Would Kevin De Bruyne or David Silva notice so minor a deduction? Would they object if Pep Guardiola, he of the selective social conscience, told them the story of the ill-fortune that has befallen one of their predecessors in City's midfield? You'd hope not.

You'd hope somebody in that outfit knows the club's history predates the arrival of the oil billions, that there was a penny-pinching fishmonger's son named Peter Swales before a Sheikh Mansour, a Kippax before Kun Aguero.

Then again, maybe not.

McNab's stroke was widely reported in the Manchester Evening News last summer. Accounts of the financial issues he's facing and the fundraising, some of it by former team-mates like David White, have been all over social media.

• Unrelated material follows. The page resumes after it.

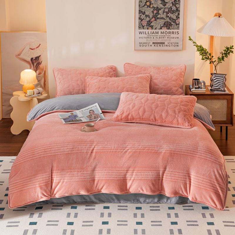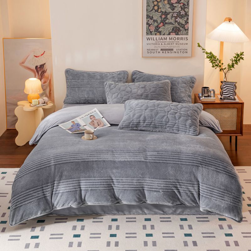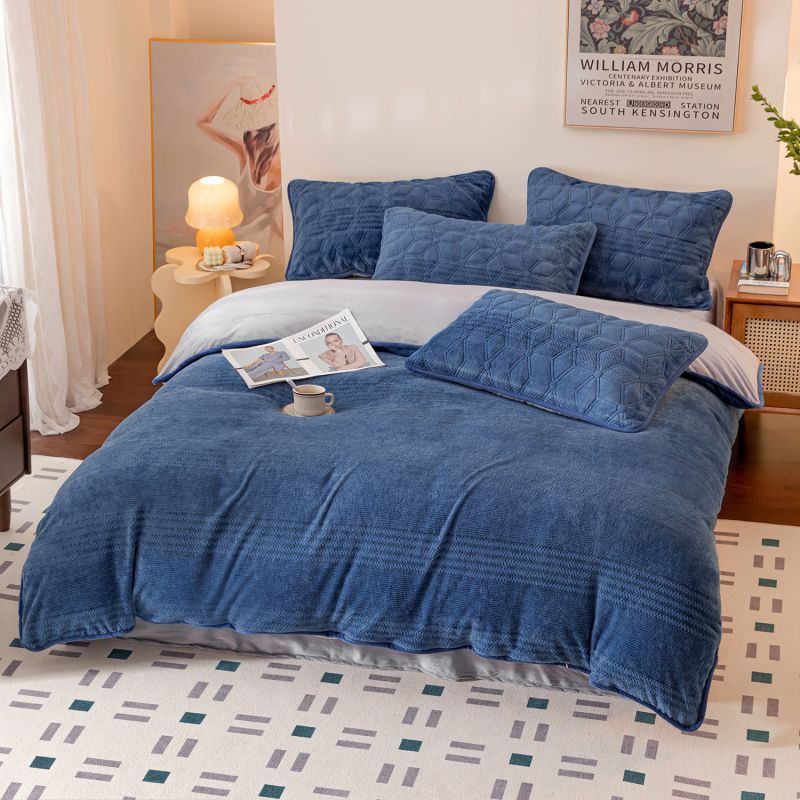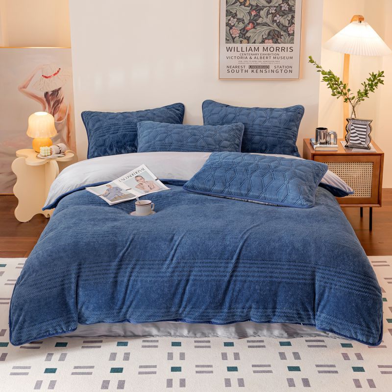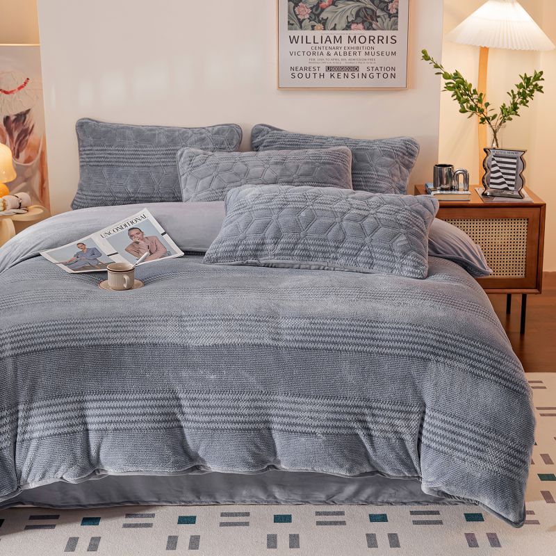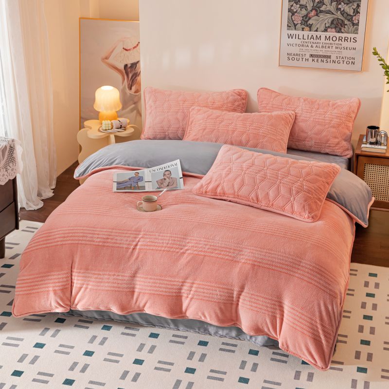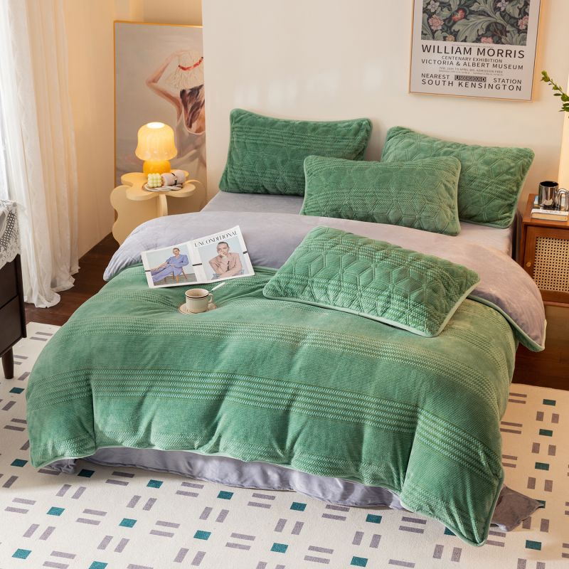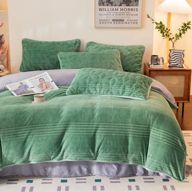 (总)凡客 2022新款牛奶绒雕花绒夹棉床笠四件套学生宿舍三件套

Surely somebody at the Etihad is aware enough to know that with annual revenue nearing the half a billion pounds mark, it might behove City to make a charitable gesture, to write a six-figure cheque themselves. If there’s nobody left at the club with any institutional memory, not a single person who recalls how many times over McNab repaid his £35,000 transfer free, a scroll through the testimonies of his GoFundme page might help.

Four decades have almost passed since McNab was featured in SHOOT! magazine's famous Focus On questionnaire. His car was a Vauxhall Viva, his favourite meal was steak and chips, and the best country he'd ever visited was Scotland. A different time. A different profession. A different game. Too many at City seem to want to forget that world ever existed.